В Нью-Йорке поражало все. Прежде всего "кирпичи в облаках". Верхние этажи небоскребов исчезали в тумане. Улицы выглядели трехэтажными. Два этажа пересечений магистралей, по третьему мчится "надземка", к счастью, уже электрическая. Но не так давно здесь ходили паровозы - стены окрестных домов все еще покрывала копоть.
Нас пригласили к советскому консулу. Он посоветовал по возможности не отличаться от американцев. Надо вспомнить, что лишь недавно, после избрания президентом Франклина Д.Рузвельта, Америка признала СССР, а газеты по-прежнему упражнялись в измышлениях о советских людях, их обычаях и нашего якобы варварства. Пришлось оставить консулу... свои кепки. Он сложил их стопкой на столе, сказав:
- Кепки здесь носят только рабочие во время работы и обитатели Гарлема.
Также забрал он и наши "красные паспортины", чтобы мы их не потеряли, заверив, что никакие документы нам на международной выставке не понадобятся.
Время подготовки к открытию советского павильона оказалось для меня самым горячим. В Америку я ехал под впечатлением замечательной книги Ильфа и Петрова "Одноэтажная Америка", которая развеивала миф о ее многоэтажности (небоскребы стоят лишь в Нью-Йорке, Чикаго и некоторых других крупных центрах), но подтверждала давнее мнение об американской деловитости, практичности и обязательности.
Увы, всякая деловитость и обязательность у американцев исчезала, едва дело касалось "нестандартных работ", требующих инициативы, как у нас говорят, "смекалки русских мастеровых". Именно это и неприсуще славным американским парням, угощавшим друг друга, да и меня заодно, дружескими затрещинами. Выдумка и энтузиазм им чужды.
Квартировали мы с художником Вин Винычем (Вениамином Вениаминовичем) у старого чеха, который, прожив здесь четверть века, продолжал называть город Нев-Йорком (как пишется!).

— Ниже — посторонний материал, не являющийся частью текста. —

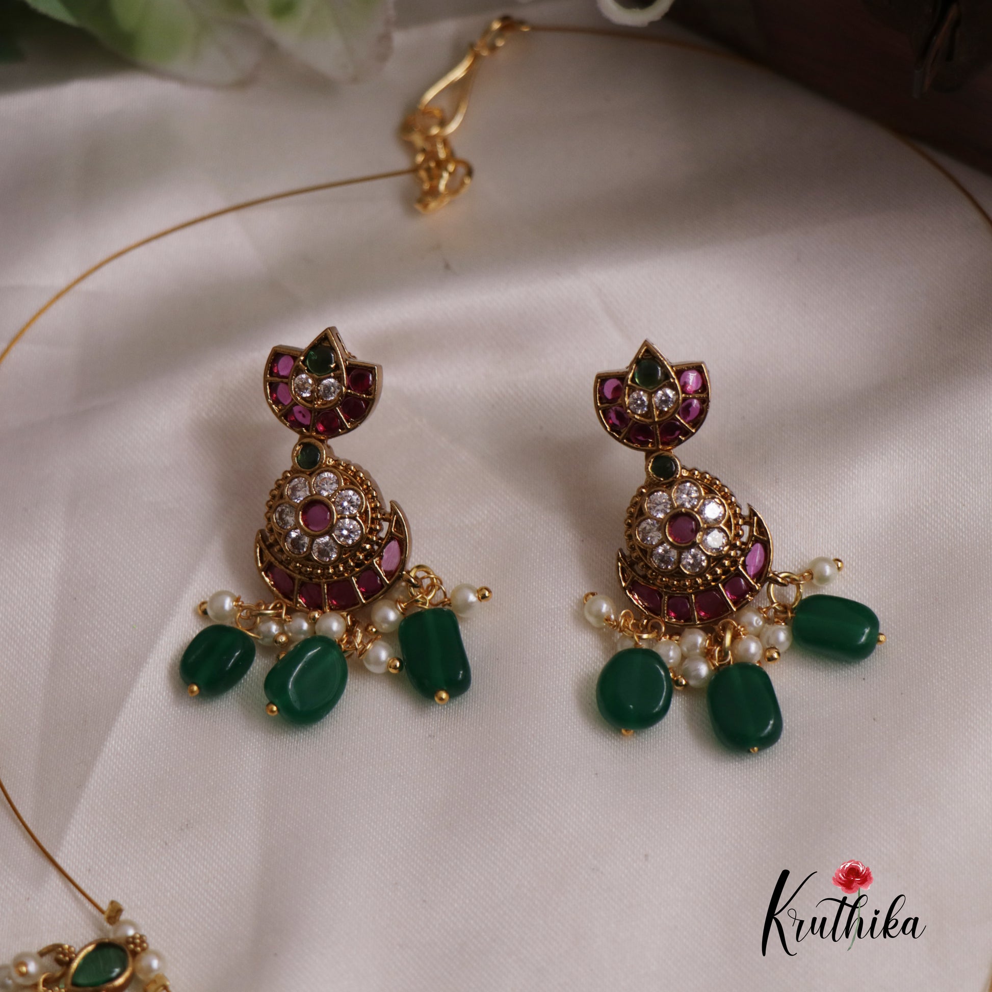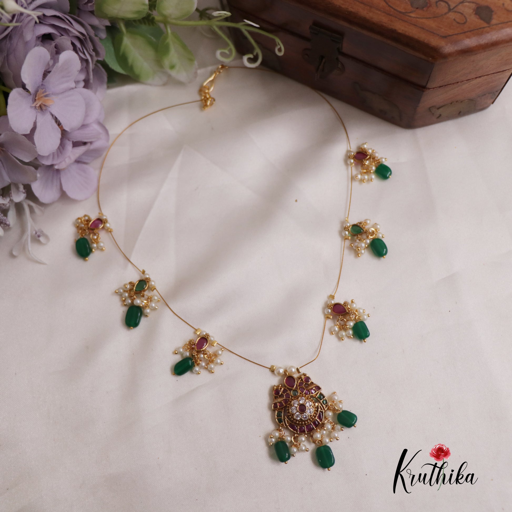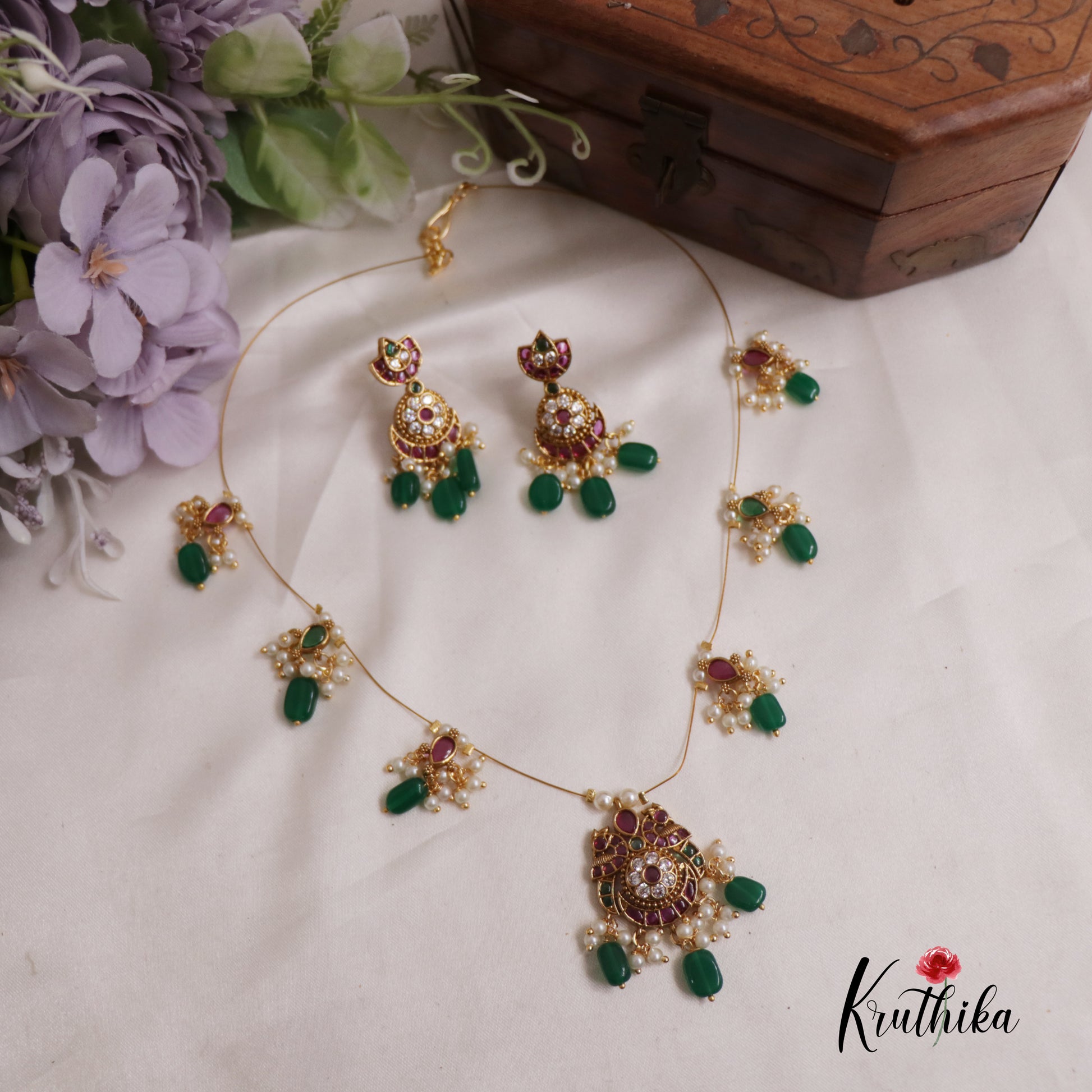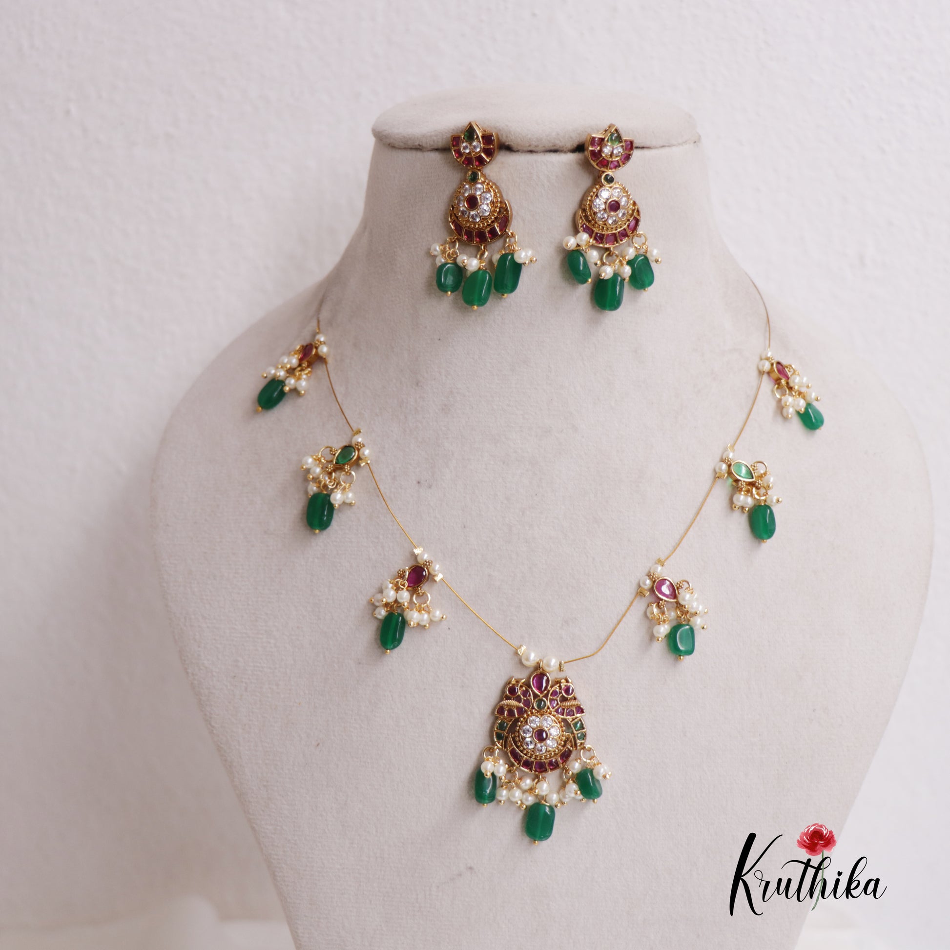 A masterpiece of traditional elegance, this ornate set features intricate gold-work paired with rich Pink Kemp stones and delicate teardrop Green Pearl accents. The "invisible" strand design allows the regal pendant and matching chandelier earrings to take centre stage, offering a timeless look for your most celebrated marriage, ceremonies and special occasions.
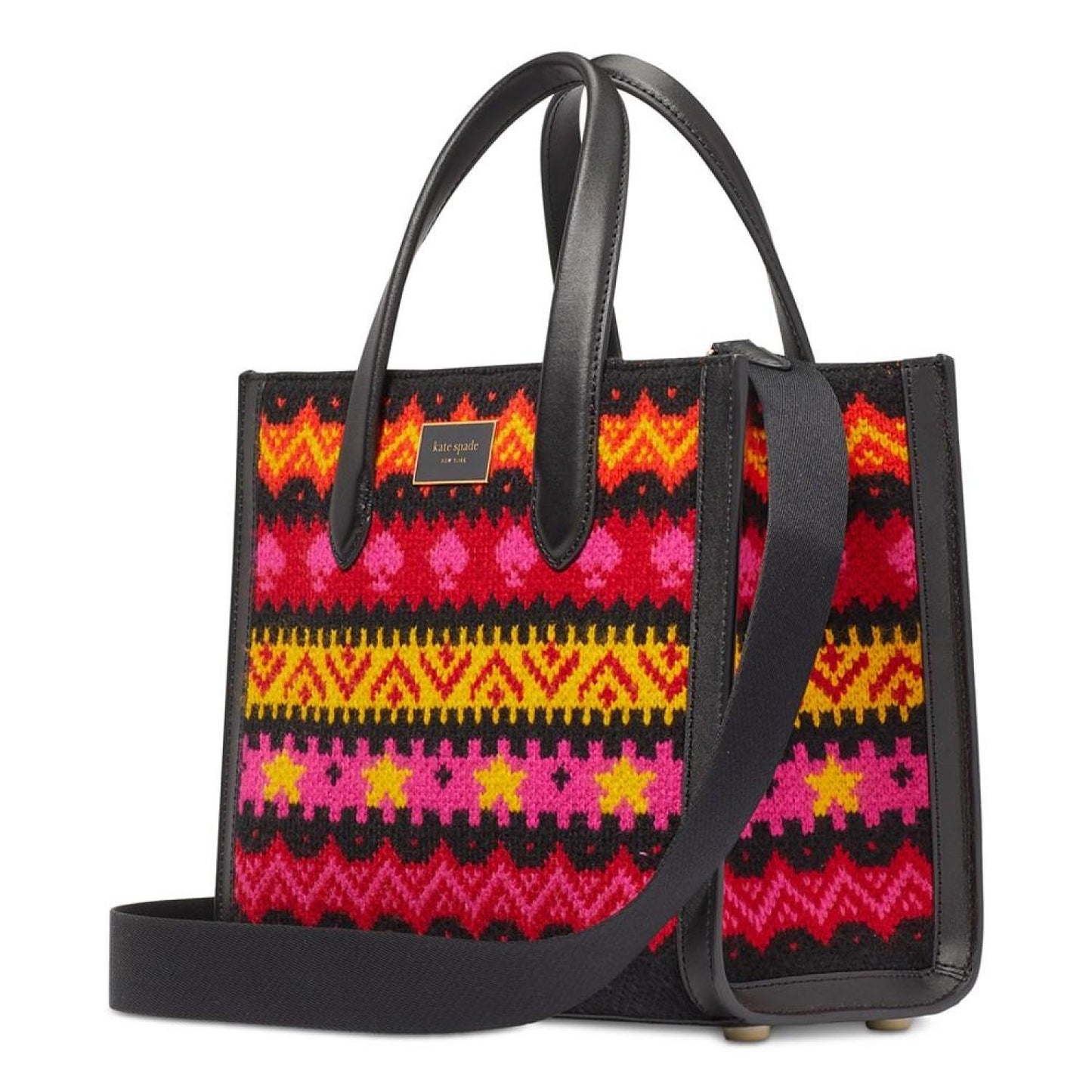 • Add a sweater-inspired pattern to your style by carrying the kate spade new york Manhattan Carnival Fair Isle Sweater Knit Tote.
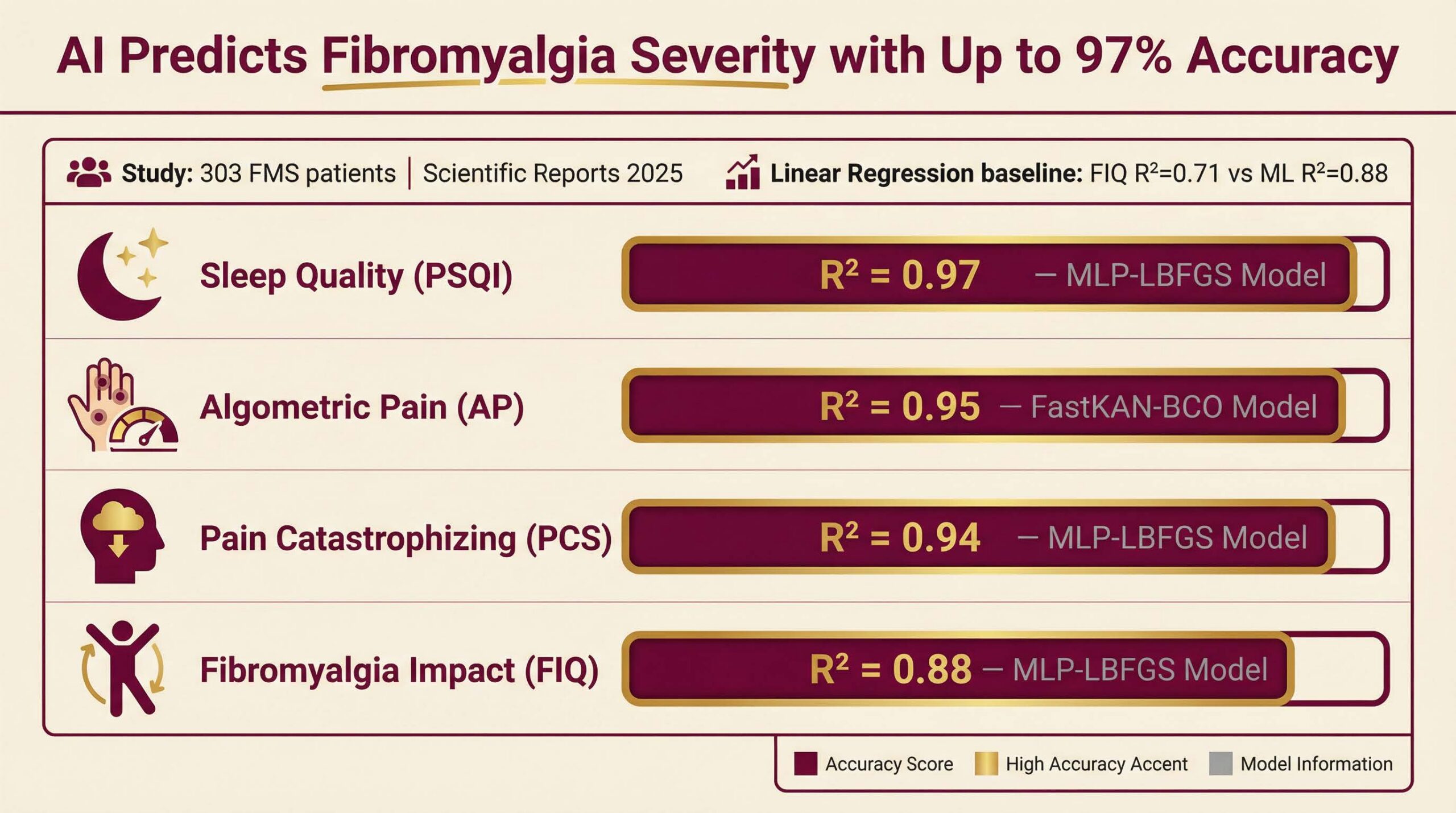Figure 1: Machine learning models predicted fibromyalgia symptom severity with up to 97% accuracy using only 3D spinal measurements. Source: Moustafa et al., Scientific Reports 2025.

Когда мы приветствовали гостей хозяина словами "Добрый вечер", нам отвечали "Вечер добрый" - принимали за чехов. То, что мы русские, обнаруживалось порой самым неожиданным образом. Как-то мы зашли в кафетерий выпить чаю. К столику подошел американец и по-русски попросил разрешения сесть с нами. Мы удивились, как он, не слыша ни одного нашего слова, узнал, что мы из России?